Como las grandes películas, destinadas a ser recordadas y a hincharse mentalmente, Sangre en los labios está mesurada para no dejar indiferente. Se le puede llamar ‘trampa’, se le puede llamar ‘publicidad’ o, incluso, ‘videoclip’. No importa. Lo de cult film lo tiene asegurado.
La historia es la que es: Jackie, una culturista que escapa de su pasado reciente, encuentra su presente en Lou, la gerente de un gimnasio repleto de sudor y mierda. El flechazo es concluyente, pero una realidad marcada por el maltrato y el mafioso del pueblo lo pone todo patas arriba.
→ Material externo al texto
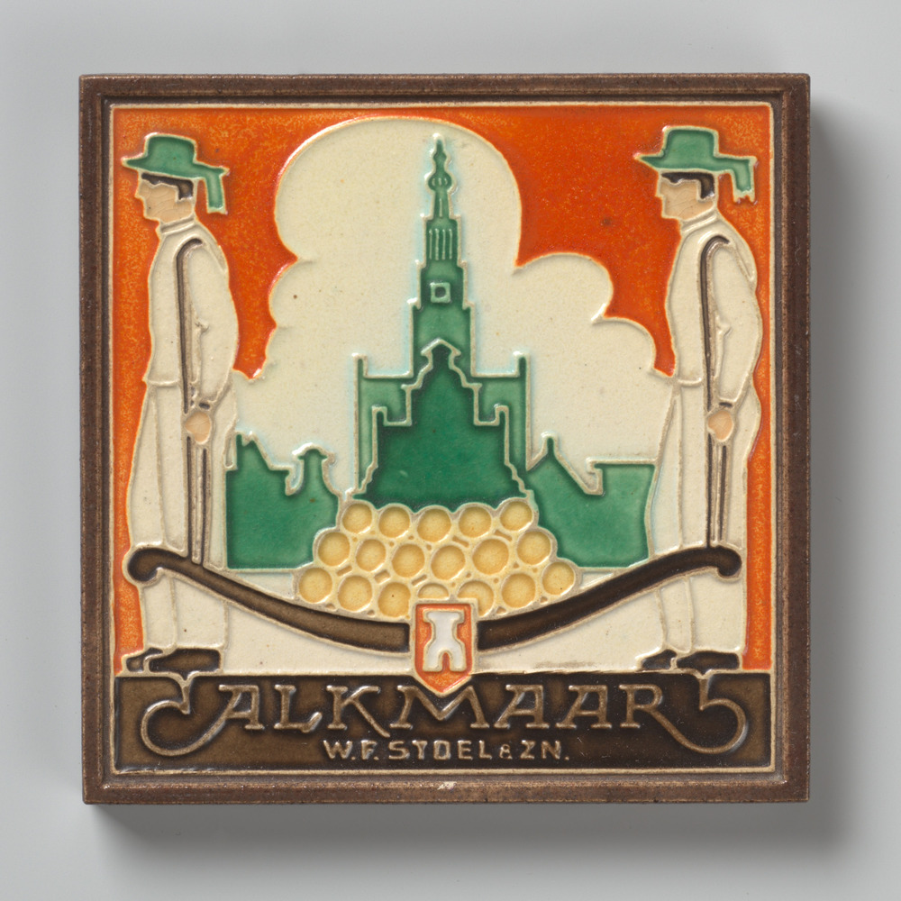 Tegel in cloisonné-techniek, met voorstelling: kaasd...

Sin embargo, el formalismo transforma esa historia Pulp en un abuso atractivo que busca la sorpresa como cierre a cada secuencia. Y lo consigue.
Rose Glass ha decidido baldear los recursos manidos, reflejándose, eso sí, en los Refn, Aronofsky, Coen, Lynch e, incluso, Argento, para modelarlos a su gusto. Aplicando lo queer sin justificar (sensacional) y limpiando el pasado de Kristen Stewart al presentar a su personaje desatascando con la mano un retrete repleto de deposiciones (adiós, Bella Swan).
Venas a punto del reventón, violencia colosal, más esteroides que burbon, melenas imposibles, sangre, sudor y lágrimas, lo onírico como remate, colores neonianos, luces apocadas y un sonido que lo magnifica todo son apariencias que no solo componen el relato, sino que lo definen; además, y como hemos comentado, por encima de lo narrado. Una gozada que se nos hace corta.
Como curiosidad, comentar que la directora ha ubicado temporalmente la acción un año antes de su nacimiento, poco antes de la caída del Muro de Berlín. A su vez, siendo londinense, se la ha llevado a una pequeña localidad de Nuevo México. El resultado ha sido una película heredera de las nuevas inquietudes, que utiliza escenarios conocidos para dejar una nueva propuesta.